Options and parameters:

· -a: Mounts all file systems based on the data in the /etc/fstab configuration file.

· -l: Displays the column label name besides the mounting information.

· -t: Specifies the type of file system to be mounted.

· -n: By default, the system writes the actual mounting information to /etc/mtab in real time to facilitate operation of other programs.

· -L: Mounts the partition that has the specified label.

· -l: Add labels in the mount output, for example, account, password, or read privilege.

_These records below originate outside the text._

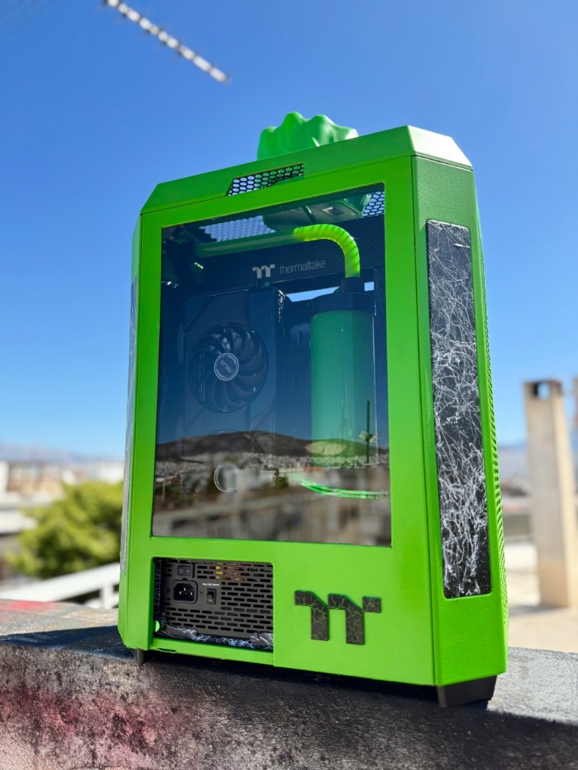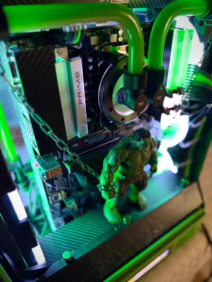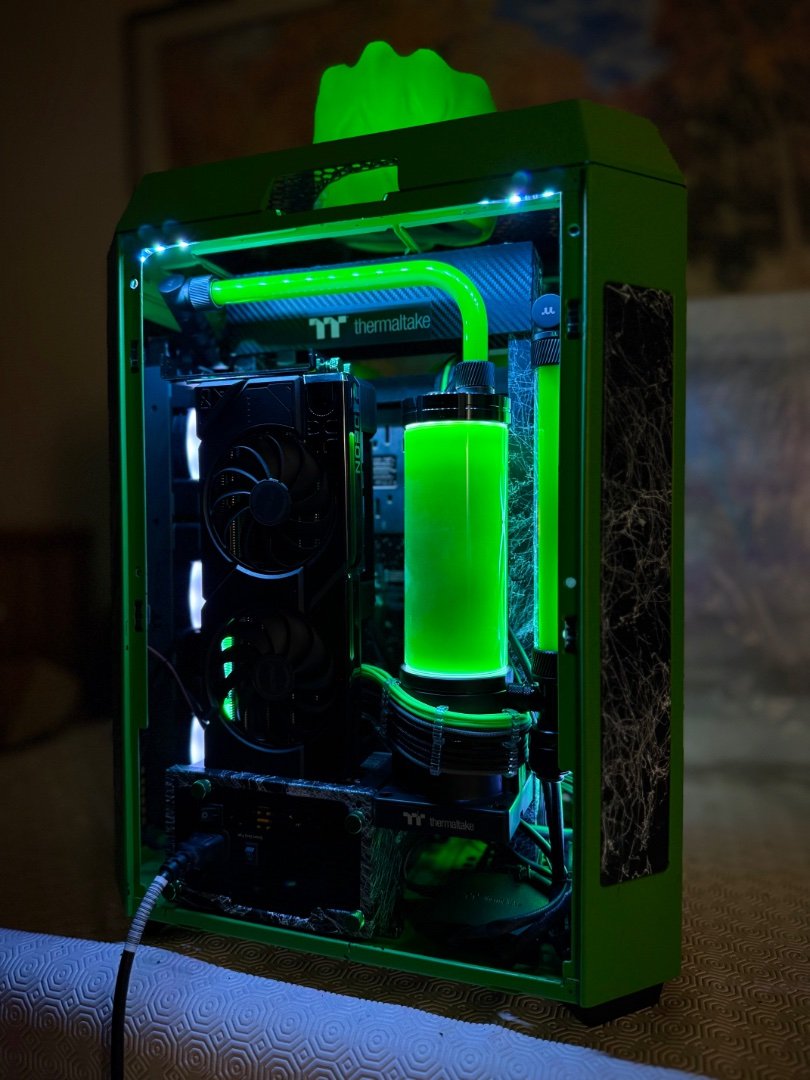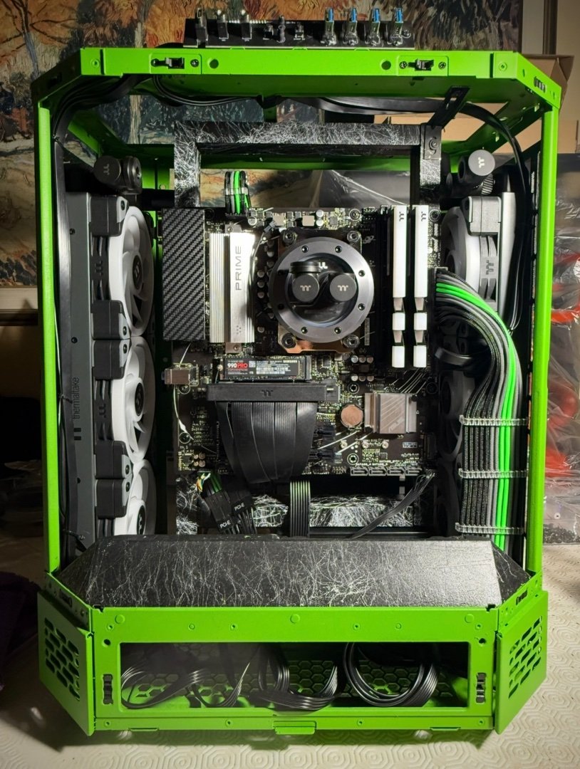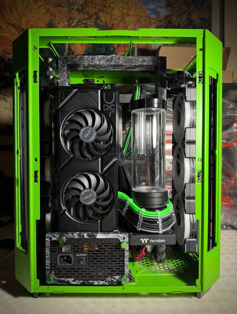 Big update here ! As the modding deadline is close , and only few weeks left , i have to be rush ! So placed the custom motherboard tray to the case by drilling some holes, measure it up to be straight , and screw it up . I make ย also some holes to the mb tray ย to put standoffs and place motherboard and pump-res combo . As you can see I moved the mb tray more to the front to have enough space to fit gpu and pump-res combo to the back side of the case which will be visible by the custom window panel I made .Then placed a custom gpu mounting bracket screwed to the rad and ย fans and power it up with a long riser cable . It fits like a glove as I planed from the first time I thought about it . Plus the double 360 Rads that gonna cool the 9800x3d fair enough . Fans on the left side was in reverse so can take some fresh air and on the right rad ย is exhaust . Seems like a tight setup , but I wanted to get full potential of space and cooling by the case, ย and fill up the case as much as I can . Now I have to take care of the top panel that as you can see from the previous post ย has a big hole on the center . Something ย special gonna fit there . After that I have to plan the custom loop runs and start bending , also do some final themed touches and better cable managing . ย Still you canโt guess the theme ? ๐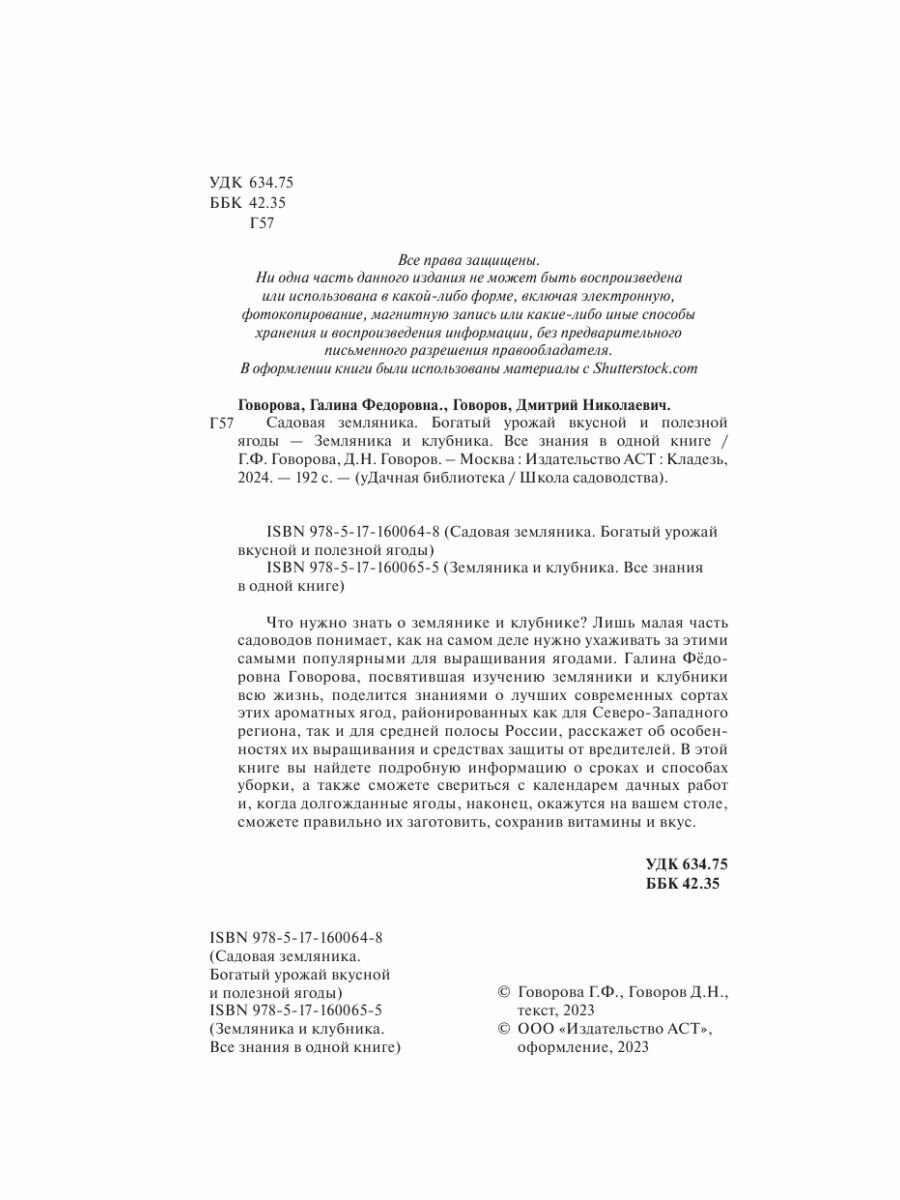 Что нужно знать о землянике и клубнике? Лишь малая часть садоводов понимает, как на самом деле нужно ухаживать за этими самыми популярными для выращивания ягодами. Галина Фёдоровна Говорова, посвятившая изучению земляники и клубники всю жизнь, поделится знаниями о лучших современных сортах этих ароматных ягод, районированных как для Северо-Западного региона, так и для средней полосы России, расскажет об особенностях их выращивания и средствах защиты от вредителей. В этой книге вы найдете подробную информацию о сроках и способах уборки, а также сможете свериться с календарем дачных работ и, когда долгожданные ягоды, наконец, окажутся на вашем столе, сможете правильно их заготовить, сохранив витамины и вкус.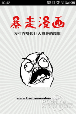 如名字一样,暴走漫画就是用来看Android平台上暴走漫画的App。打开Android暴走漫画App时会先出现一个启动界面,接着就直奔主题,众多最新的暴走漫画直接呈现在你面前。

# Mount /dev/sdb1 to /mnt.

root@HZ-UIS01-CVK01:~# mount /dev/sdb1 /mnt

root@HZ-UIS01-CVK01:~# df -Th

Filesystem Type Size Used Avail Use% Mounted on

/dev/sda1 ext4 28G 5.7G 21G 22% /

udev devtmpfs 32G 4.0K 32G 1% /dev

tmpfs tmpfs 13G 408K 13G 1% /run

none tmpfs 5.0M 0 5.0M 0% /run/lock

none tmpfs 32G 17M 32G 1% /run/shm

/dev/sda6 ext4 241G 48G 181G 21% /vms

/dev/sdb1 ext3 1.9G 35M 1.8G 2% /mnt

Umounting a file system

umount [-fn] disk file name

Options and parameters:

· -f: Unmounts a file system forcibly. Use this parameter if no data can be read from a network file system (NFS).

· -n: Unmounts a file system without writing in the /etc/mtab directory.

Example:

root@HZ-UIS01-CVK01:~# df -Th

Filesystem Type Size Used Avail Use% Mounted on

/dev/sda1 ext4 28G 5.7G 21G 22% /

udev devtmpfs 32G 4.0K 32G 1% /dev

tmpfs tmpfs 13G 408K 13G 1% /run

none tmpfs 5.0M 0 5.0M 0% /run/lock

none tmpfs 32G 17M 32G 1% /run/shm

/dev/sda6 ext4 241G 48G 181G 21% /vms

/dev/sdb1 ext3 1.9G 35M 1.8G 2% /mnt

root@HZ-UIS01-CVK01:~#

root@HZ-UIS01-CVK01:~# umount /mnt

root@HZ-UIS01-CVK01:~# df -Th

Filesystem Type Size Used Avail Use% Mounted on

/dev/sda1 ext4 28G 5.7G 21G 22% /

udev devtmpfs 32G 4.0K 32G 1% /dev

tmpfs tmpfs 13G 408K 13G 1% /run

none tmpfs 5.0M 0 5.0M 0% /run/lock

none tmpfs 32G 17M 32G 1% /run/shm

/dev/sda6 ext4 241G 48G 181G 21% /vms

Writing data to a disk

Use the sync command to write data not updated in the memory to a disk.

Example:

root@HZ-UIS01-CVK01:~# sync

root@HZ-UIS01-CVK01:~#

Euler edition restrictions

To maintain system security and stability and prevent unintended background operations, Euler OS restricts certain background activities.

Disabled commands

The following commands are disabled:

· rm

· rpm

· which

· grep

· mv

· vi

· vim

· ps

· top

· bash

· sh

· find

· yum

· dd

· chmod

The system displays command not found when you enter these commands.

Disabled command autocompletion

Pressing Tab no longer autocompletes commands during input.